In sum, interspecific differences in muscle size, fiber type composition, and fiber length indicate that chimpanzees are adapted for climbing and sprinting behaviors that require power and strength, whereas humans are adapted primarily for long-duration bipedal walking and running behaviors that require endurance.

Hypothetical adaptations for fatigue resistance in Homo and non-human primates

The hypothesis that selection for endurance included selection for fatigue resistance predicts that adaptations for fatigue resistance differ between humans and non-human primates, especially the African great apes. Unfortunately, the comparisons necessary to test this prediction are limited by lack of data from non-human primates. We are thus constrained to focus on the available evidence for mechanisms of fatigue resistance in humans in three systems: nervous, metabolic and thermoregulatory. We emphasize that many of these are hypothesized adaptations that need to be tested with additional comparative data from non-human primates.

Potential neurological adaptations for fatigue resistance in Homo

One potential mechanism that may explain the higher strength and power of apes compared with the higher endurance of humans, potentially relevant for fatigue resistance, could be differences in neuronal arrangement, from the CNS to the skeletal muscles. Early studies (MacLarnon 1995, 1996) comparing the relative quantity of white and gray matter in the CNS found that compared with humans, chimpanzees had a higher amount of white matter relative to gray matter in their spinal cords when corrected for spinal cord cross-sectional area and normalized to body mass. Since neuronal white matter increases nerve conduction velocity, we predict that chimpanzees have comparatively higher numbers of large, fast-conducting motor units that innervate Type IIa/b muscle fibers. Conversely, we also predict that humans would have a comparatively wider distribution of motor units which allows for finer motor control at the cost of less muscle force and slower shortening velocities (and, therefore, less power but more endurance and fatigue resistance) (Sale 1987).

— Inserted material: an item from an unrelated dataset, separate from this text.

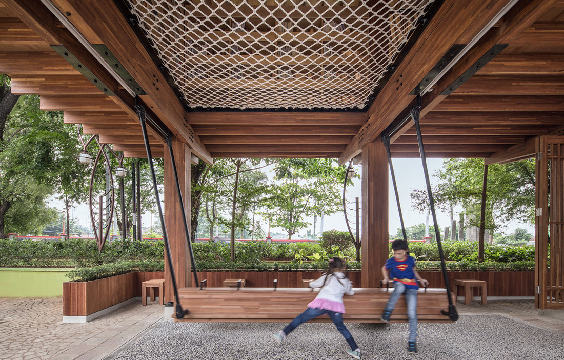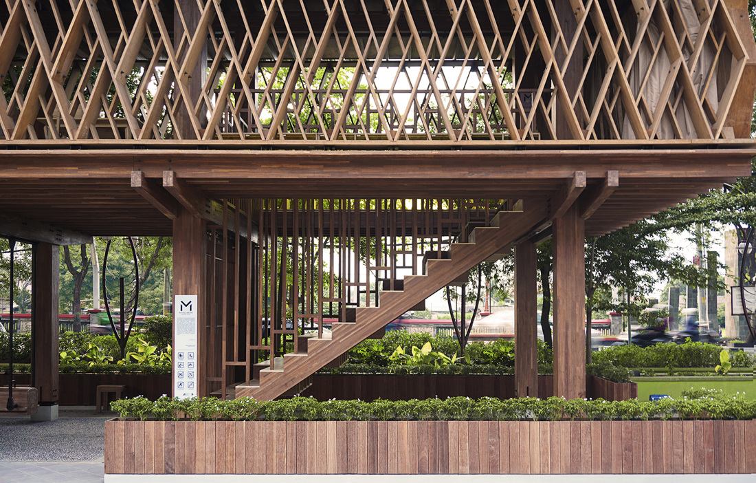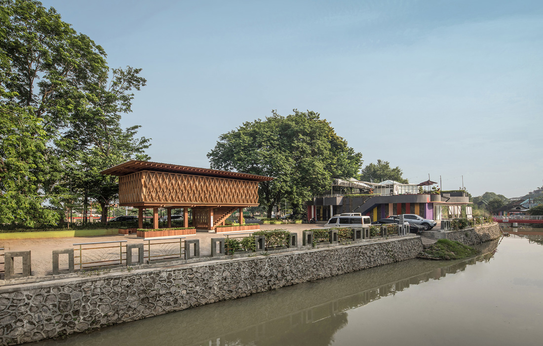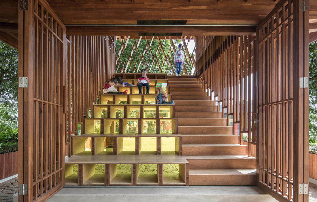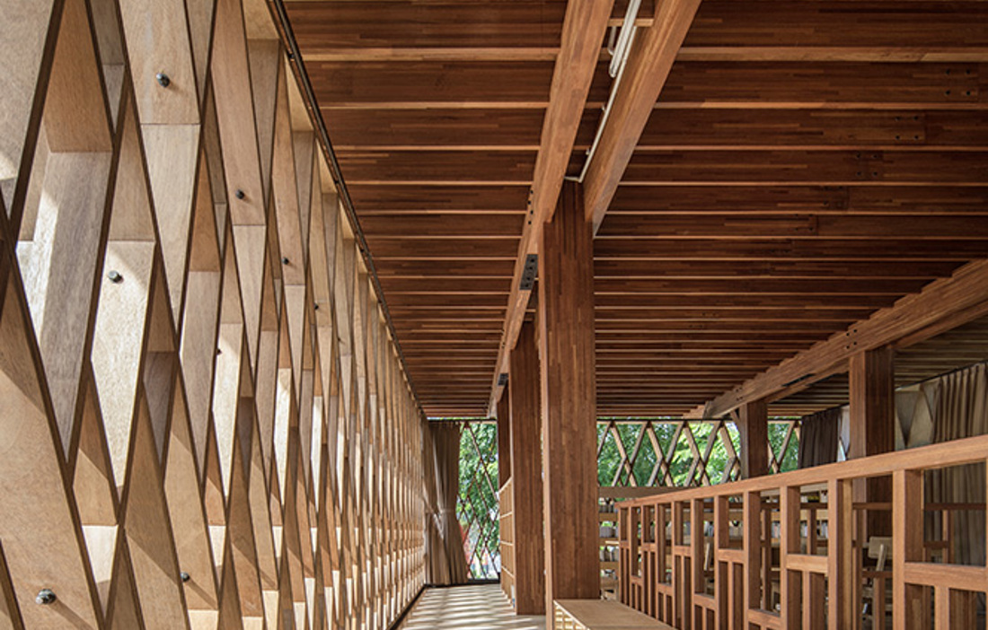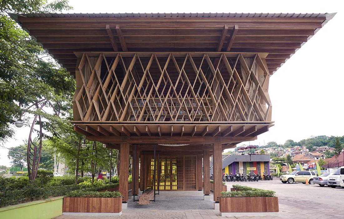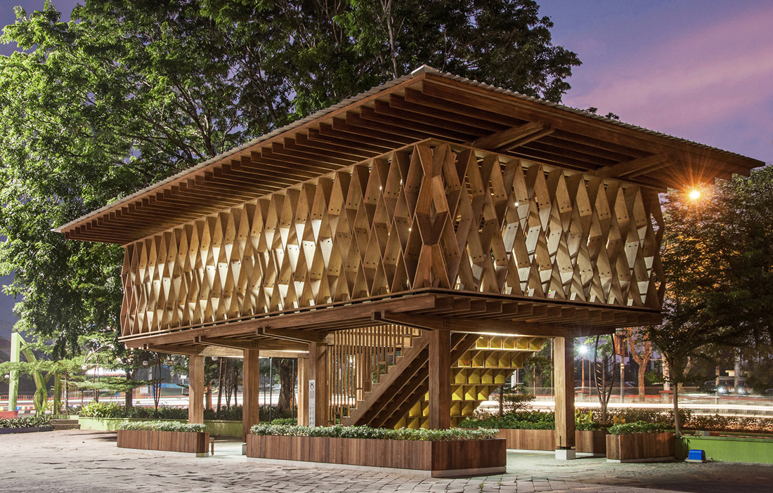 A project is under way in Indonesia aimed at encouraging more people to read books. Five locations across the country have been given a microlibrary that also serves as a social space. The latest of these is in Semarang, where the design displays influences from the nation’s traditional stilt houses – “ruma panggang”. The ground floor has been left open on all sides and is used for workshops and social gatherings. The upper floor housing the actual library is finished in a repeated diamond pattern, based on the German construction system “Zollinger Bauweise”. A similar pattern appears on the dragon that legend says lives in the area, which makes the design easy to understand while also helping to create an exciting visitor attraction. The structure uses meranti (shorea) plywood in various thicknesses and performs an important function in preventing direct sunlight from flooding the space and thus maintaining a pleasant climate within.

In this context it is useful to note that the distribution of fiber types is neither random nor uniform but varies from deep to surface areas of the muscle. For example, in human vastus lateralis there is a predominance of Type II fibers at the surface and Type I fibers in deeper regions (Lexell et al. 1983), which is the opposite for the anterior tibialis (Henriksson-Larsén et al. 1983). Although there is scant comparative data on lower limb muscles for non-human primates, it is possible that a similar distribution to the vastus lateralis in humans exists in other non-human primates based on the Cynomolgus (crab-eating macaque) monkey leg and thigh extensor compartments (Acosta and Roy 1987); Type I fibers are concentrated in deep regions vs. Type II fibers concentrated in superficial regions. Since fiber type distribution does not seem to be random (even when homogeneously distributed), these authors postulated that this distribution reflects the functional demands, whereby different parts of muscle will be used during different phases of movement (such as postural activities vs. speed-based or explosive movements). It is not entirely clear why this distribution is favored either within humans and chimpanzees or between species. However, since the only existing evidence suggests that chimpanzees have a higher amount of white matter relative to gray matter in the spinal cord, it is a reasonable assumption that the proportion of fiber types favoring strength and power will be consistent with their fiber distribution within a particular muscle.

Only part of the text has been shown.